The Future of News 2011: The changing face of news: Santosh Desai

By Anushree Bhattacharyya , afaqs!, New Delhi | In Media | August 05, 2011
Desai spoke about how news changes with change in technology and generates dichotomies.

In the special address at The Future of News, 2011, held at The Oberoi, New Delhi on August 4, Santosh Desai, managing director and chief executive officer, Future Brands, highlighted the fact that the future of the business of news is bright and growing. However, it tends to take new forms, especially with change in technology, and generates dichotomies.

Speaking about the need of news, Desai explained, "From the consumer's perspective, news is required as it provides an orderly movement of time, apart from providing a sense that the world is 'knowable'. News provides an acknowledgment to the consumer that 'I am not alone'. Furthermore, news provides recognition of one's place in the world, and gives the idea of an independent world. It is this acknowledgment that the readers need."

According to Desai, the hierarchy of news is changing rapidly in the newspapers, including what should go in the front page as the lead, and what should be carried in the last page. "Thus, what is actually happening is that for us readers, somebody is processing, indexing, cataloguing and prioritising the world, which in return is helping us to know the world and allowing us to make sense of that," he said.

Desai elaborated that the meaning of news has changed; news has transformed from journalism to the business of media. The style of coverage of news, too, has undergone a big change. When people talk about news, they talk about it with a certain amount of unease, as if there is too much about it -- in a sense, news is something they can no longer observe with a detached sense and are rather absorbed by it.

Also, earlier, news was centrally produced and now, it's centrally generated. Desai added, "News has changed from being a stable order to an unstoppable movement, from information to stimulation, and from ticking order of time to flow of events."

& #VIDEO2 & #According to Desai, the business of news has led to the formation of two kinds of trend, producing dramatic changes. Firstly, 'Marketisation of news' - the fact that news has become much more integrated to the market system and it is difficult to make it stand out, while the original vision of journalism was that it was a pillar of society and would stand out. The dominant logic is that decision making in the media is led by the fact that it is business.
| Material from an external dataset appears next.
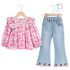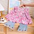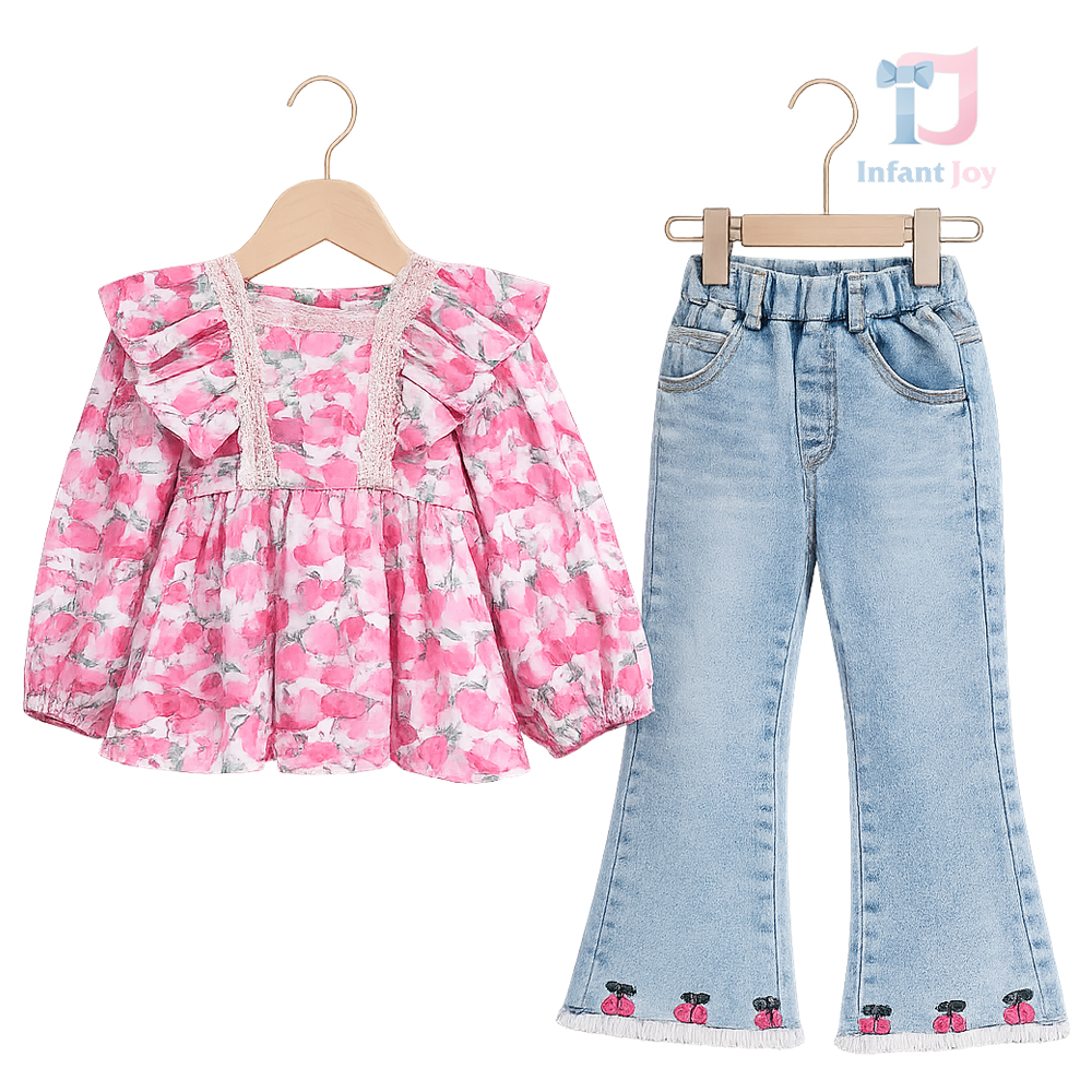Set de 2 piese format din tunică florală cu volane, dantelă și pantaloni din denim cu broderie Sweet Cherry

Further elaborating on the first trend, Desai said that news is now driven by what the viewers want. There is a high level of interest in trying to understand what viewers want and then using news as advertising, that is, selecting the proposition of a piece of news and then embellishing the truth.

Increasingly, news today is sliced and packaged in a way a product is packaged in advertising. He further added that the code of advertising and news is coming together and television, being the kind of medium, is led by the supply side.
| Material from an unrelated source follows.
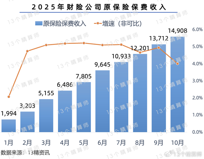 从规模端看,2025年10月末,财险公司的原保险保费收入超1.49万亿,同比增速在4%左右。

Talking about the second trend, the 'Decentralisation of news', Desai said, "The world has now become a news gatherer through social media outlets. Also, now, there is a low dependency on traditional news outlets as individuals have greater control over news and are guiding traditional outlets. Therefore, the overall impact from the business point of view is that the change has heightened the anxiety about attracting consumers, and today, both variables are feeding into each other."

In case of impact from the consumer's perspective, he said that the approach of the media has become to amplify rather than represent reality. Elaborating, he said, "News has fragmented into items such as scams, links and articles. Moreover, the change has led to a gradual collapse of the idea of a single truth, and the news business is now about wanting to hear what one believes."

Towards the end of his presentation, Desai stressed that going forward, in the future, news will be ruled by social media. There is a need to understand that news cannot be moulded by consumers and the business will be about credible news. And, credibility will become more important when news gathering gets atomised. It is important to understand that in an independent world, news has much greater functional value. Thus, there is a need of independent pillars to provide counterpoints and a check system.

The event was sponsored by STAR News and IBN Live.